- Gornji Lenart Location in Slovenia
- Coordinates: 45°55′47.96″N 15°34′21.96″E﻿ / ﻿45.9299889°N 15.5727667°E
- Country: Slovenia
- Traditional region: Styria
- Statistical region: Lower Sava
- Municipality: Brežice

Area
- • Total: 7.26 km^{2} (2.80 sq mi)
- Elevation: 151.3 m (496.4 ft)

Population (2020)
- • Total: 235
- • Density: 32/km^{2} (84/sq mi)

= Gornji Lenart =

Gornji Lenart (/sl/, formerly Zverinjak, Thiergarten) is a settlement in the Municipality of Brežice in eastern Slovenia. The area is part of the traditional region of Styria. It is now included in the Lower Sava Statistical Region.

==Name==
The name Gornji Lenart literally means 'upper Leonard', a designation that distinguished it from Šentlenart (literally, 'Saint Leonard'), which was annexed by Brežice.
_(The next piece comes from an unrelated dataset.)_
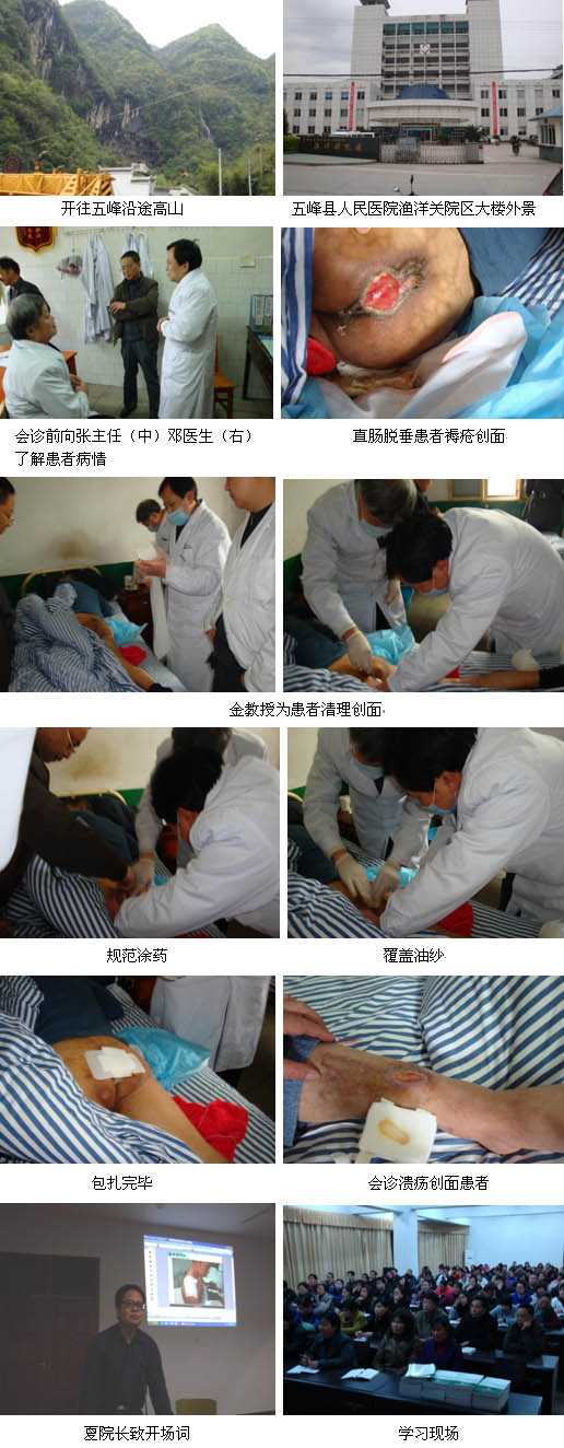 五峰土家族自治縣位于鄂西南邊陲,距宜昌市200公里,無(wú)高等級(jí)公路,山大人稀。一路蜿蜒顛簸,金黨軍教授歷經(jīng)了三個(gè)半小時(shí)車程到達(dá)漁洋關(guān)鎮(zhèn)。得知金教授來(lái)院授課,醫(yī)院夏院長(zhǎng)、醫(yī)務(wù)科李科長(zhǎng)和外科張主任熱情地接待了金教授,雙方就醫(yī)院目前發(fā)展的情況及再生醫(yī)學(xué)近期所取得的成就做了簡(jiǎn)單地交流。該院外科為骨科、普外科等,該科于今年二月初引進(jìn)新一代功能復(fù)合輔料創(chuàng)瘍貼,取得了不錯(cuò)的臨床療效。2002年8月五峰縣漁洋關(guān)鎮(zhèn)唐黃坪煤礦發(fā)生重大瓦斯爆炸事故,八人遇難,第九人是由該院張主任應(yīng)用的濕性醫(yī)療技術(shù)和美寶濕潤(rùn)燒傷膏將患者治愈,因此,再生醫(yī)療技術(shù)的神奇療效該院領(lǐng)導(dǎo)并不陌生??紤]到醫(yī)護(hù)人員的工作時(shí)間,夏院長(zhǎng)和李科長(zhǎng)將學(xué)術(shù)講座的時(shí)間定在晚上七點(diǎn)到九點(diǎn)。下午四點(diǎn),張主任陪同金教授到該院的住院病區(qū)進(jìn)行患者會(huì)診,其中一位為直腸脫垂、骶尾處褥瘡的老年患者,另一位患者為下肢潰瘍創(chuàng)面,創(chuàng)面較深。金教授分別為兩位患者清理創(chuàng)面后,進(jìn)行換藥,并制作油紗敷貼包扎,為醫(yī)務(wù)人員進(jìn)行換藥示范。

Until 1927, the settlement was officially called Zverinjak (literally, 'menagerie'), in reference to the collection of wild animals kept there by the owners of Brežice Castle. Locally, the settlement is also known as Tirget (< German Tiergarten 'zoo'), also a reference to the menagerie, or Čret (literally, 'marshland, morass'), referring to the local geography.

==History==
During the Second World War, in the fall of 1941, the village population was evicted in order to make way for the resettlement of Gottschee Germans.